Sentra emas yang berdiri sejak 1970-an ini berada di dua lokasi, yakni di Gedung Permata Cikini dan di area apartemen Menteng Prada. Dua lokasi penjualan ini dipisahkan oleh bangunan baru yang berdiri menjulang setinggi 10 lantai menempati area seluas 2.200 meter persegi.

Kabarnya, gedung baru inilah yang nantinya menjadi Cikini Gold Center. Pusat penjualan emas ini memang didesain untuk menjadi terbesar di Asia Tenggara. Ya, kira-kira mirip dengan pusat penjualan tekstil di Tanah Abang.

Namun sebelum gedung baru itu jadi, ada baiknya kita melihat-lihat penjualan emas di Permata Cikini dan Menteng Prada. Letak Permata Cikini ini bersebelahan dengan bekas Pasar Cikini Ampiun. Di sini setidaknya bercokol sekitar 40 toko perhiasan emas. Rata-rata tiap toko yang menempati areal seluas 2,5 meter x 3 meter. Toko-toko itu baru buka pukul 11.00 siang dan tutup pada pukul 05.00 sore.

Adapun jumlah toko emas yang berada di Menteng Prada sebanyak 20 toko. Toko-toko emas di Menteng Prada ini terletak di lantai satu. Pedagang di sini lebih beruntung karena menempati toko seluas 15 meter persegi, jauh lebih luas dibanding luas toko di Permata Cikini.

Ketika KONTAN bertandang ke sentra penjualan emas ini pada Kamis (4/8) pekan lalu, sentra ini sepertinya sedang sepi pengunjung. Dari puluhan toko yang buka, hanya beberapa toko saja yang nampak ada pengunjungnya. "Ya, puasa begini memang sepi," ujar Tanti Suwirya, pengelola toko emas Cakra Kirana.

Pemandangan tak jauh berbeda tampak di Menteng Prada. Di sini pun suasana toko terlihat sepi dan hanya terlihat beberapa pengunjung wara-wiri yang datang untuk melihat-lihat dan bertanya pada pengelola toko tentang perhiasan emas.

Domy, pemilik Toko Emas Mudjur di Menteng Prada, menceritakan, sejatinya toko-toko emas di Menteng Prada baru ada sekitar 10 tahun yang lalu. "Sedangkan penjual di Permata Cikini sudah jauh lebih lama berdiri," ujar Domy.

Domy menambahkan, beberapa pedagang emas di Menteng Prada adalah pindahan dari Pasar Cikini Ampiun yang kini dibongkar dan akan dibangun Cikini Gold Center itu.

Kabarnya, akibat pembongkaran Pasar Cikini Ampiun, pamor sentra emas Cikini jadi memudar.
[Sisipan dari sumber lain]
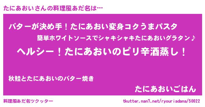 | 男性向けラノベタイトル風あだ名 | 『Re:たにあおいから始める異世界生活』 |
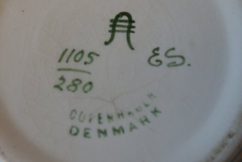 Alumina Vase with Purple Asta on a yellow background Manufactured in 1903 Approx Dek.nr. 1105/280 Diameter 11 cm. Height 10.5 cm. Beautiful and well-kept condition.
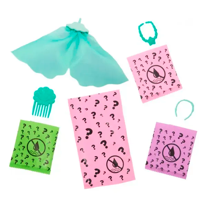 La muñeca incluye una aleta de sirena, un collar, un cepillo y una pequeña esponja, lo que la convierte en un conjunto ideal para fomentar la imaginación. Al sumergirla en agua, los niños podrán descubrir los colores ocultos, haciendo de cada juego una experiencia única y emocionante.

Apalagi, para pedagang di situ kemudian dipindahkan di Permata Cikini dan di Menteng Prada. "Tidak benar jika perbedaan lokasi membuat citra sentra emas ini berubah," imbuh Domy, bersemangat.
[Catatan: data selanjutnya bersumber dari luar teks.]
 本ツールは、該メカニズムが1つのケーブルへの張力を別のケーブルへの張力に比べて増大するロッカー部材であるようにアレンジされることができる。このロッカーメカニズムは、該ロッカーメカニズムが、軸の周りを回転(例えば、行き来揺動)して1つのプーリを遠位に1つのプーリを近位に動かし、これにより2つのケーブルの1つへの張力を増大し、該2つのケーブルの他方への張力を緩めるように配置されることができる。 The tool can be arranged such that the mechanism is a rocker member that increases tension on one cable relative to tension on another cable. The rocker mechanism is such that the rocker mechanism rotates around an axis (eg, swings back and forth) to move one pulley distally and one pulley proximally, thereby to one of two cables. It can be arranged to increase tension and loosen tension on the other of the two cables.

Menurut Domy, sejak digusur dari Ampiun, ada penilaian bahwa mutu emas di sentra emas Cikini melorot karena lebih banyak menjual emas untuk kalangan menengah ke bawah. Toh, Domy membantahnya. "Faktanya tak ada perbedaan harga yang signifikan di antara penjual. Yang membedakan model dan pilihan perhiasan," ungkapnya.

Yang jelas, menurunnya pamor sentra emas Cikini ini sepertinya hanya rumor di kalangan pedagang emas di Jakarta. Namun, bagi Dwi Irianti sentra emas Cikini masih moncer. Dwi sendiri mengaku sering datang ke tempat pasar emas ini.

Selain datang untuk membeli atau menjual emas, ada kalanya Dwi datang sekadar mereparasi atau membersihkan emas koleksinya. "Dari dulu tempat ini sudah terkenal sebagai sentra emasnya Jakarta," ujar Dwi.

Menurut Dwi, pedagang-pedagang di sentra emas sudah berpengalaman untuk menilai mutu sebuah perhiasan. "Bisa dibilang kualitas emas di sentra ini sudah melegenda, jadi kalau mau cari emas datang saja ke sini," ujarnya, beriklan.